Take for example the Germany – Argentina match. When you click on it, it opens this pop-up:
Of particular note here is the URL of the pop-up. Intuitively enough, the URL has some weird combination that might possibly be a unique identifier. The first thing we check is the tag for that row in the table we just clicked.
Check the highlighted part: it resembles the address in our pop-up closely, albeit there are four (4) extra characters at the beginning. Collapsing the row and cross-checking against other rows, we come to the conclusion that the rows use a similar format:
Removing the g_1_ from the
id attribute of the
tr tag gives us the unique identifier for every match. I’ll be taking the sanitized
id from the Italy – England match and I will input it into the generic URL. We’ll do this in another tab as the pop-up’s address bar is locked:
Voila.

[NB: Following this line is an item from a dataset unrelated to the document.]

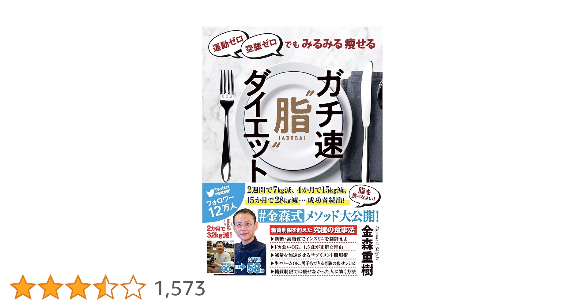 運動ゼロ空腹ゼロでもみるみる痩せる ガチ速“脂"ダイエット金森 重樹 本通販Amazon。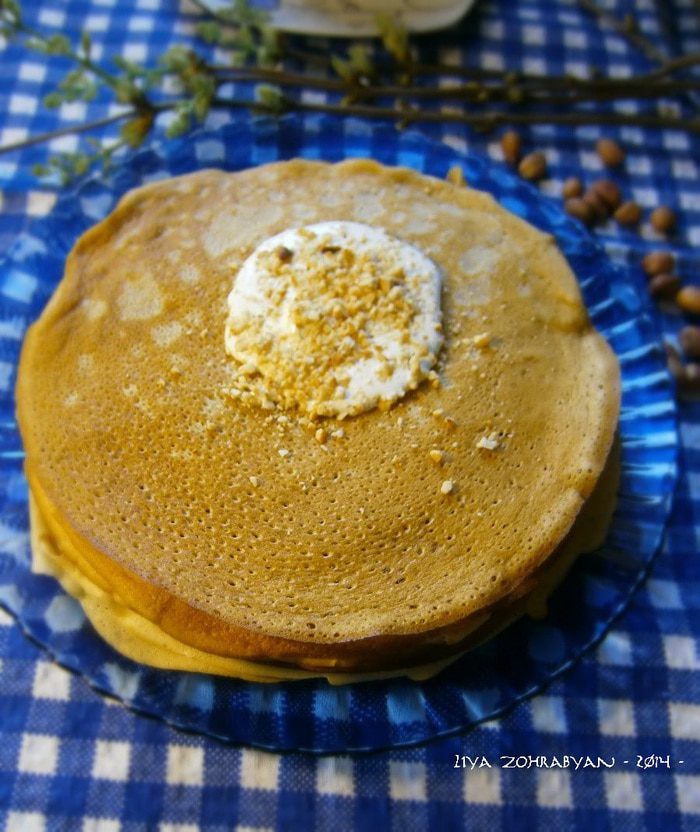 Раскалённую сковороду смазать растительным маслом и испечь тонкие блины.

The page is open in another tab, and from there you can get what you want from the match summary. You can even check the head-to-head by changing
Why does this matter?
Because it’s safer. Since you’re using Excel, you have the sheets at your control. The safest way is to record all these
id attributes from each row into, say, a column. Then loop over that column, concatenating it properly to produce the target URLs.
Then you loop over the URLs and get what you want from the EXACT pages you’re looking for. There’s no need anymore for the original link/table at this point since almost all the details are in the “summary” pages anyway.

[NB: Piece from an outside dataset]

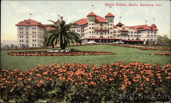 Front: Hotel Potter, Santa Barbara, Cal. Back: ORNUX INTO COLORPRINT CO LOS ANGELES (LACE POSTAGE: Canada 1c: Cuba Foreign 2c Ray Elemen 26 Dec 1989 San Francisco. Pub. by The O. Newman Company. Los Angeles, M3 On the Road of Thousand Wonders.

Hope this helps and good luck.
As I feel a bit guilty not posting any code, here’s my attempt at producing the
id values for the World Cup section. Note that I took some liberties with the code, so modify it to suit your approach better. I will only be providing the way to get the
id values. All else is up to you.
Sub Test() Dim URL As String Dim IE As New InternetExplorer Dim HTMLdoc As HTMLDocument Dim dictObj As Object: Set dictObj = CreateObject("Scripting.Dictionary") Dim tRowID As String URL = "http://www.flashscore.com/soccer/world/world-cup-1990/results/" With IE .Navigate URL .Visible = True Do Until .ReadyState = READYSTATE_COMPLETE: DoEvents: Loop Set HTMLdoc = .Document End With With HTMLdoc 'Target the set of tables. Set tblSet = .getElementById("fs-results") 'Index starts at 0. World Cup Playoffs is (0), World Cup is (1), 'Qualifiers is (2), etc... Targeting tbody right away, as there is 'only one (1) tbody tag per row anyway. Set mTbl = tblSet.getElementsByTagName("tbody")(1) Set tRows = mTbl.getElementsByTagName("tr") With dictObj 'If if value is not yet in dictionary, store it. For Each tRow In tRows 'Remove the first four (4) characters. tRowID = Mid(tRow.getAttribute("id"), 5) If Not .Exists(tRowID) Then .Add tRowID, Empty End If Next tRow End With End With 'Print out each of the ID values. For Each Key In dictObj Debug.Print Key Next Key Set IE = Nothing End Sub
Which returns the following
id values for the World Cup table (not the Playoffs!):
04LfR6G7 6RNojjg8 nww8zBgL t0xCZU8R dKY0Pgu3 jsY4ODf9 K4YcDdti 2qM7lD3j bXvdGk2k tdU0F9He 65hR8YfM lUsW7hAS jBqaxXO8 YZY3yivF n1HjSn11 hvInTSoe rHUdQZPd xfS51jmd ncyhHVnq 4b34kglp O0kz7LJH lpQE9EuG UHlQLBvS fNQAAfQ9 CKpewD92 EmJrU8Wl KnT4ETW1 nRnnVlHr b3T12WXk jwUc3CIq n9RDMiPL pAjW714B GznS8sk5 GWR6BzB3 UXW8NX9F beX1CGec
Hope this helps you some more. Kindly make sure you read the comments. Good luck!